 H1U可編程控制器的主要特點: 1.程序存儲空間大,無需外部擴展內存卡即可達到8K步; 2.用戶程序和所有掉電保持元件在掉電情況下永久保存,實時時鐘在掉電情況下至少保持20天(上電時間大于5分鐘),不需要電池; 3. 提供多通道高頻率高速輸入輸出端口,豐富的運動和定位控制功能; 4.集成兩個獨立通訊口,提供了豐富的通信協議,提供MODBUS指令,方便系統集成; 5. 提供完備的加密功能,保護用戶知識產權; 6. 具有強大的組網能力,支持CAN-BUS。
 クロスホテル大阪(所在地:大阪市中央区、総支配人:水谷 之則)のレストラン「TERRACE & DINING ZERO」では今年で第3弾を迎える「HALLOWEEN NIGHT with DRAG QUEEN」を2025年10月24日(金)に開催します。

★ ★ ★

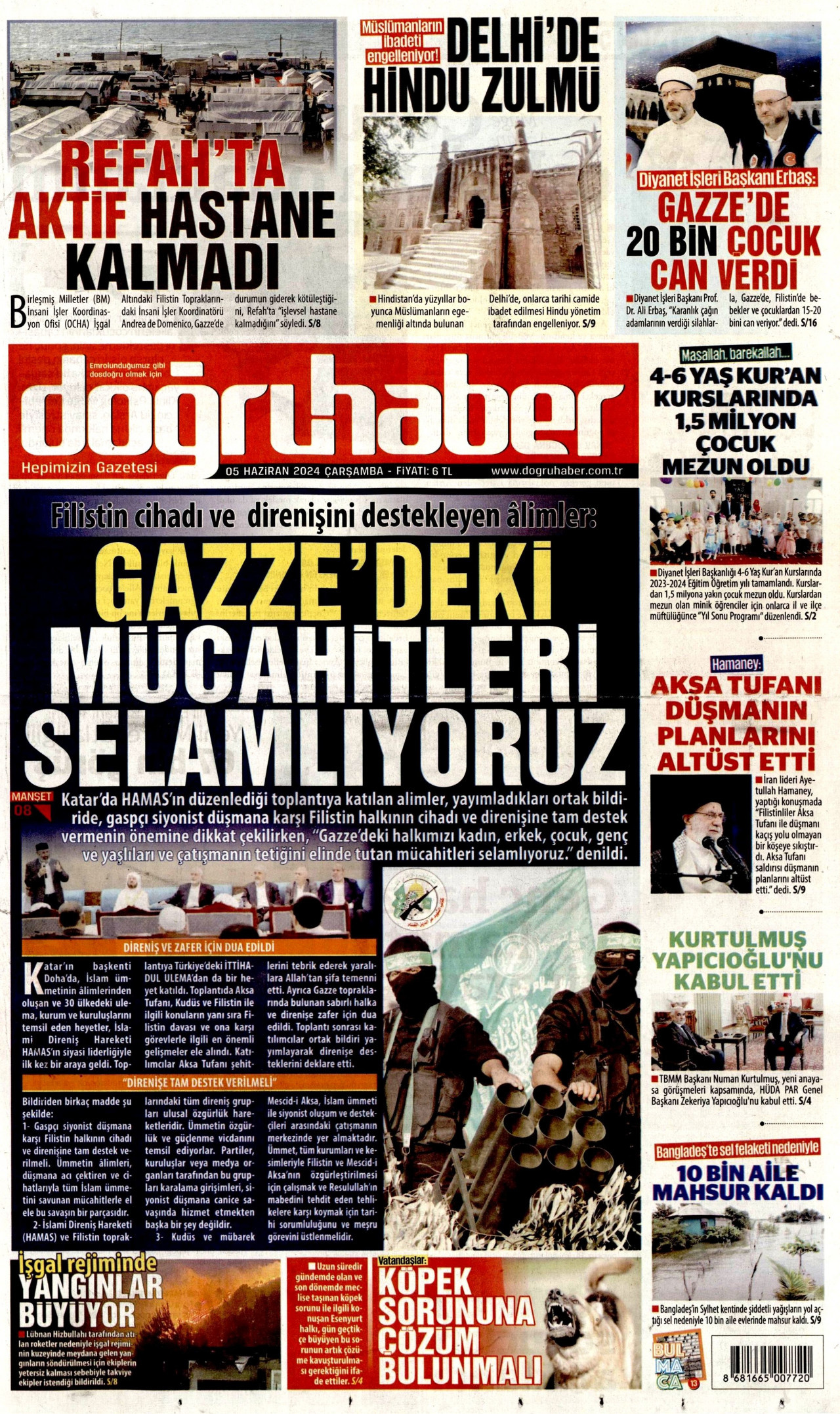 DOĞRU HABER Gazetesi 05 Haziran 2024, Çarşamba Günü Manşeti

★ ★ ★

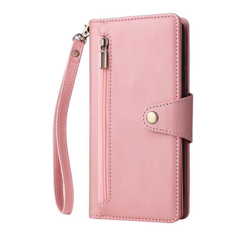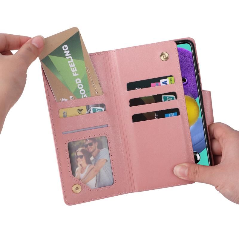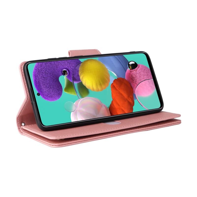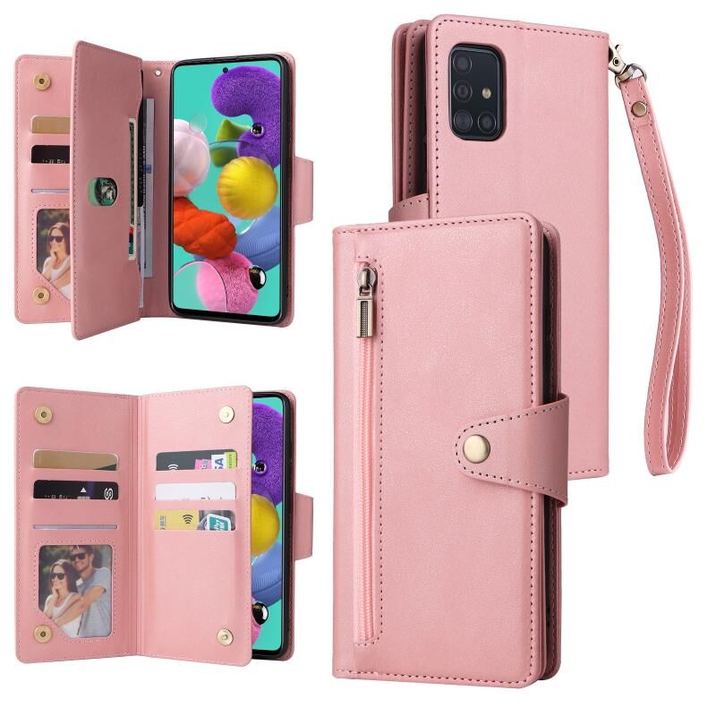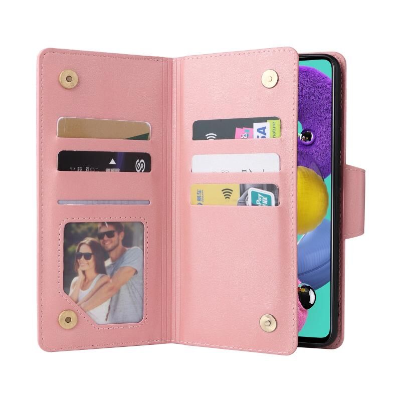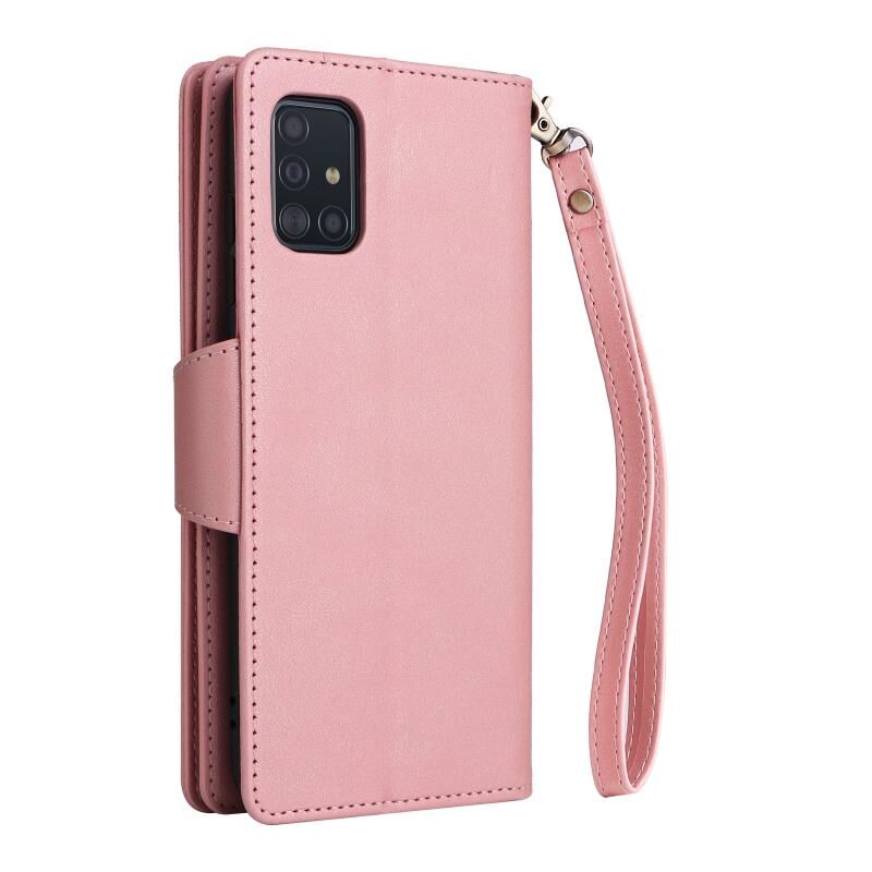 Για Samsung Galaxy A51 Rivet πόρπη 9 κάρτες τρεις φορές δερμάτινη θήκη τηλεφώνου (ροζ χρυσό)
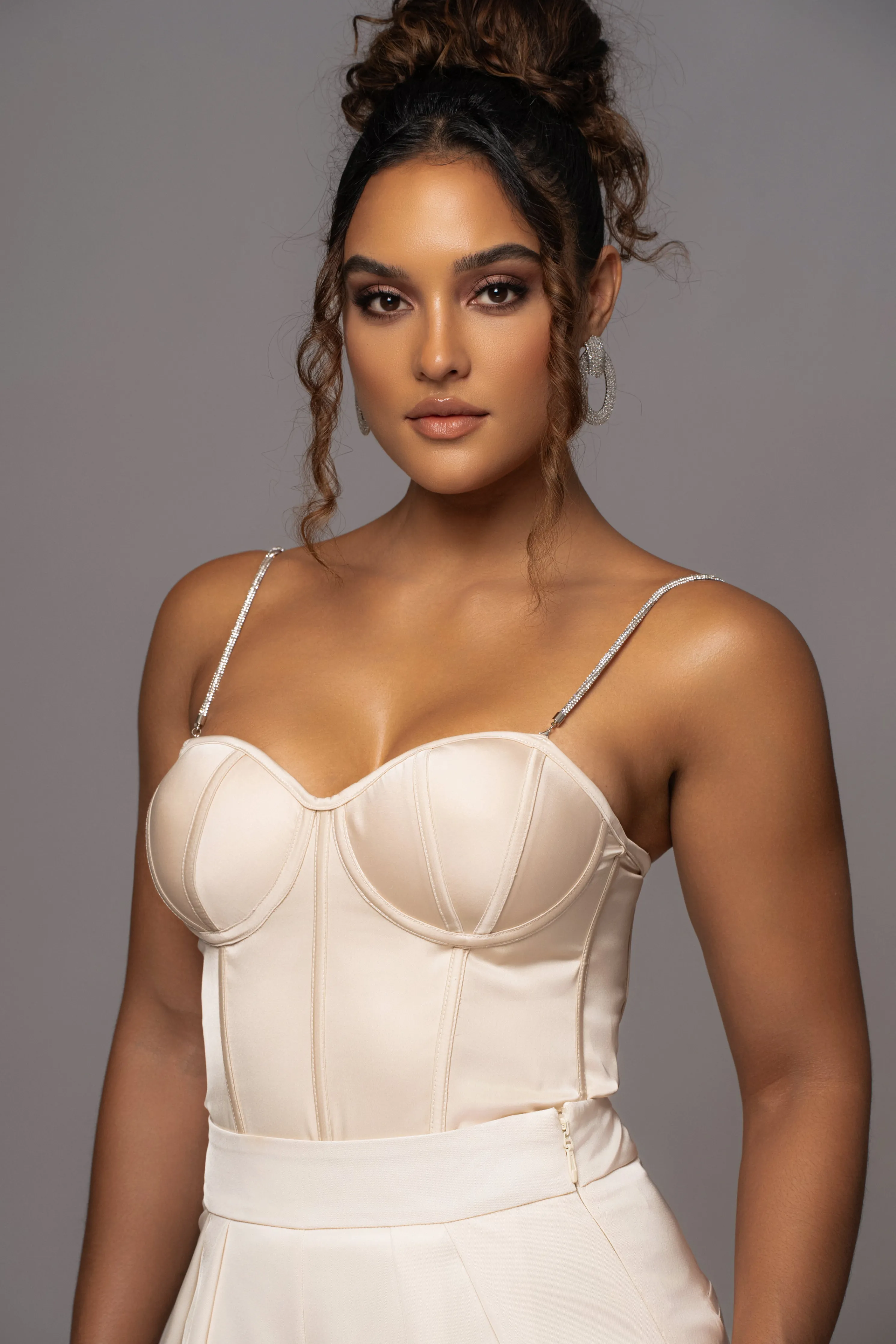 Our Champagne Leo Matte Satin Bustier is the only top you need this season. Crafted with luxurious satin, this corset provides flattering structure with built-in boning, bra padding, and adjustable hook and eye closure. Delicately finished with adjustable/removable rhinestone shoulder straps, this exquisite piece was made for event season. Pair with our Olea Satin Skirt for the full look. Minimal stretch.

★ ★ ★

* [Problem description]:
Above this task is a listing. Restate, word for word and with nothing added, the lines from the one with "提供完備的加密功能,保護用戶知識產權; 6. 具有強大的組網能力,支持CAN-BUS。" through the one with "クロスホテル大阪(所在地:大阪市中央区、総支配人:水谷 之則)のレストラン「TERRACE &".

* [Solution]:
 H1U可編程控制器的主要特點: 1.程序存儲空間大,無需外部擴展內存卡即可達到8K步; 2.用戶程序和所有掉電保持元件在掉電情況下永久保存,實時時鐘在掉電情況下至少保持20天(上電時間大于5分鐘),不需要電池; 3. 提供多通道高頻率高速輸入輸出端口,豐富的運動和定位控制功能; 4.集成兩個獨立通訊口,提供了豐富的通信協議,提供MODBUS指令,方便系統集成; 5. 提供完備的加密功能,保護用戶知識產權; 6. 具有強大的組網能力,支持CAN-BUS。
 クロスホテル大阪(所在地:大阪市中央区、総支配人:水谷 之則)のレストラン「TERRACE & DINING ZERO」では今年で第3弾を迎える「HALLOWEEN NIGHT with DRAG QUEEN」を2025年10月24日(金)に開催します。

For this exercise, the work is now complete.